**The data:**
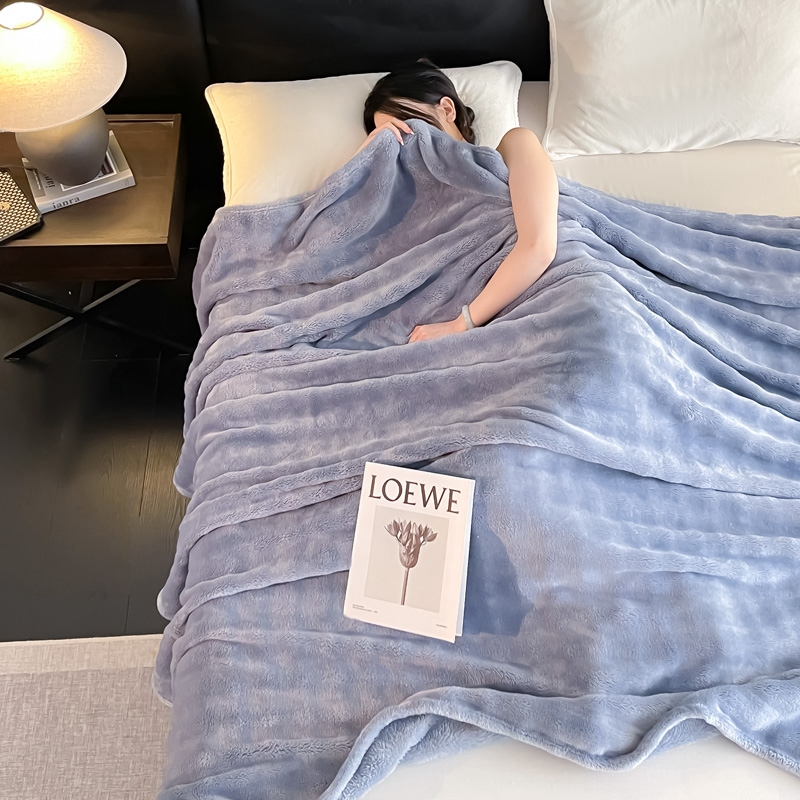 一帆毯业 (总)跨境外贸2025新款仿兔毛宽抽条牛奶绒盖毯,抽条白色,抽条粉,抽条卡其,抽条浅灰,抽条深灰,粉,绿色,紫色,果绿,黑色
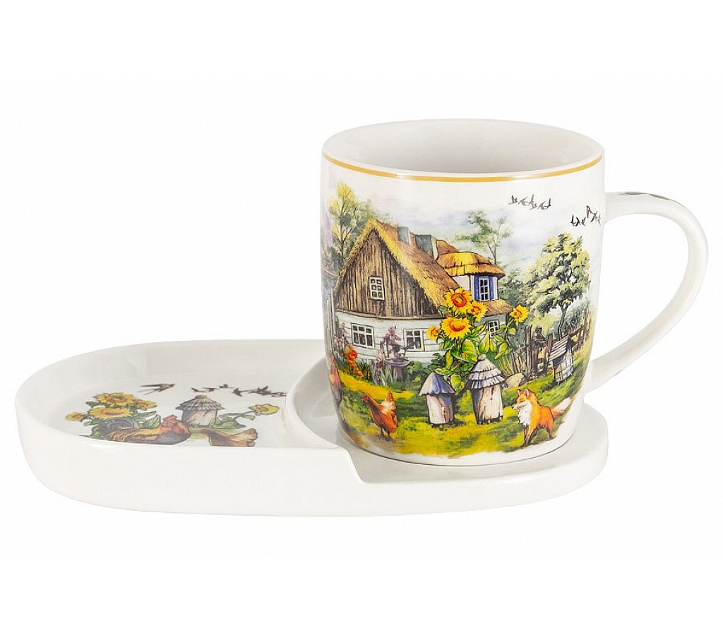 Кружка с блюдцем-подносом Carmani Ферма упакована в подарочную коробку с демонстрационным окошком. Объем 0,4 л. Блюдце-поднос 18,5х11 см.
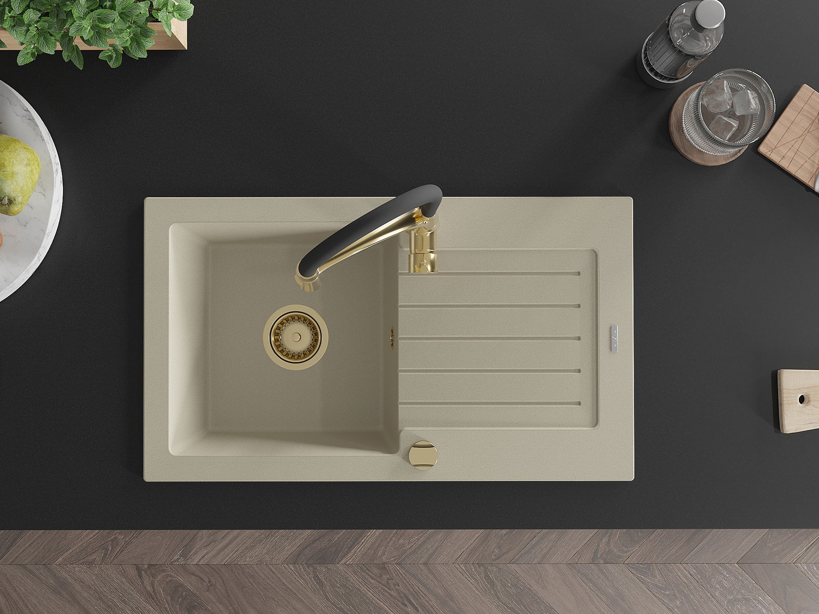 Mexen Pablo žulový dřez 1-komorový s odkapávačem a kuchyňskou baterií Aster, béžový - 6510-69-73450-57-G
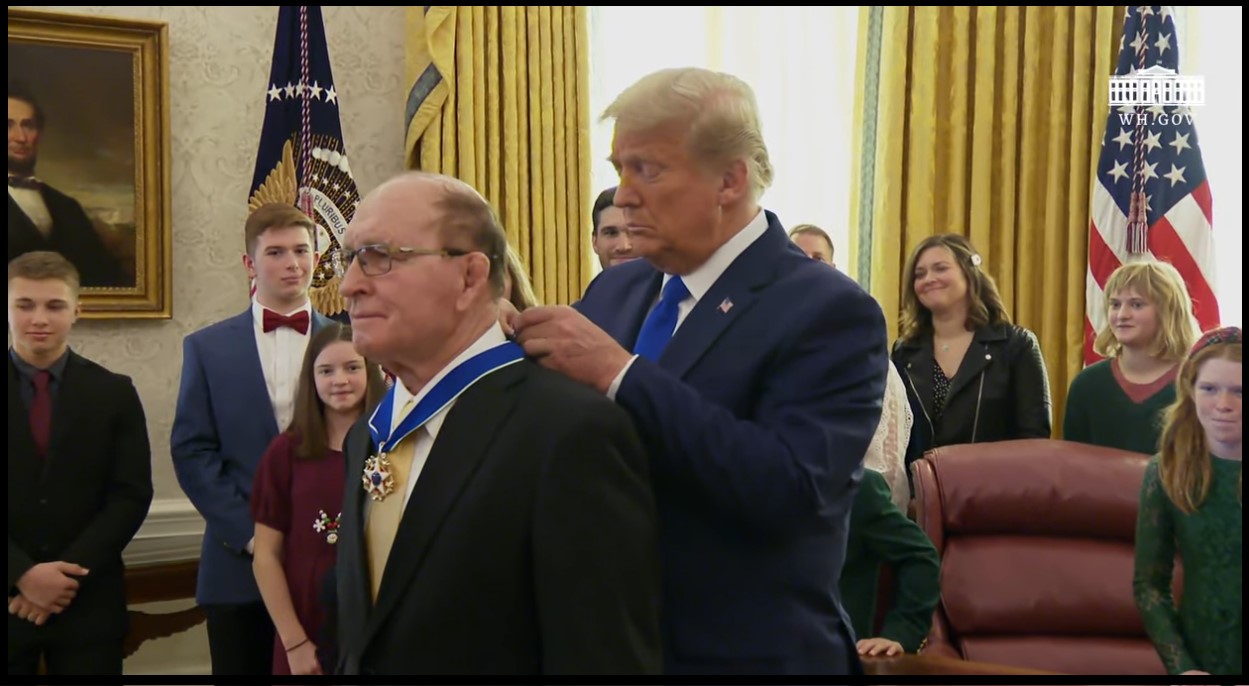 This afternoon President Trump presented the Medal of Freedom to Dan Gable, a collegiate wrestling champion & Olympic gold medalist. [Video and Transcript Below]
---
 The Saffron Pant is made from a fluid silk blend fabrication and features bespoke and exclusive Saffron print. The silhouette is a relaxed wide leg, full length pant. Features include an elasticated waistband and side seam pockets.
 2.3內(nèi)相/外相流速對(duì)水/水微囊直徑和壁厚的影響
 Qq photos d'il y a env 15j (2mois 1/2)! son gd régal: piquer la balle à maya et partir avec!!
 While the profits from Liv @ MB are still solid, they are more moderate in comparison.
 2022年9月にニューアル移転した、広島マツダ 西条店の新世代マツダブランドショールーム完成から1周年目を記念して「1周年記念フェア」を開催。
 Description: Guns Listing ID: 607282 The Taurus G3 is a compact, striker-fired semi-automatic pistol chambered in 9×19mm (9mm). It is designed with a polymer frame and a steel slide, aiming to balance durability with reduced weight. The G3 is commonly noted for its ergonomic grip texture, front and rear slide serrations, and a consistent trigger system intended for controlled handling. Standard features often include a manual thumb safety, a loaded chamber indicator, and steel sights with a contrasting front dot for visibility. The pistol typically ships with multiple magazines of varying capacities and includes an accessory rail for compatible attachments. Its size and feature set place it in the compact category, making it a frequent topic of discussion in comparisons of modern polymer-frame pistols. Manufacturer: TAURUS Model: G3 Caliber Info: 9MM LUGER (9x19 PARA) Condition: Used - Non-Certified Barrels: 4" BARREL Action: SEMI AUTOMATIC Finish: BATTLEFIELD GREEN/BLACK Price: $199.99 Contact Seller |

**Work instruction:** Range to copy from the listing above: the line containing "一帆毯业 (总)跨境外贸20" down to the line containing "Кружка с блюдцем-подносом", both included. Reproduce it exactly, minus the pictures, and add nothing.

**Response to the task:**
 一帆毯业 (总)跨境外贸2025新款仿兔毛宽抽条牛奶绒盖毯,抽条白色,抽条粉,抽条卡其,抽条浅灰,抽条深灰,粉,绿色,紫色,果绿,黑色
 Кружка с блюдцем-подносом Carmani Ферма упакована в подарочную коробку с демонстрационным окошком. Объем 0,4 л. Блюдце-поднос 18,5х11 см.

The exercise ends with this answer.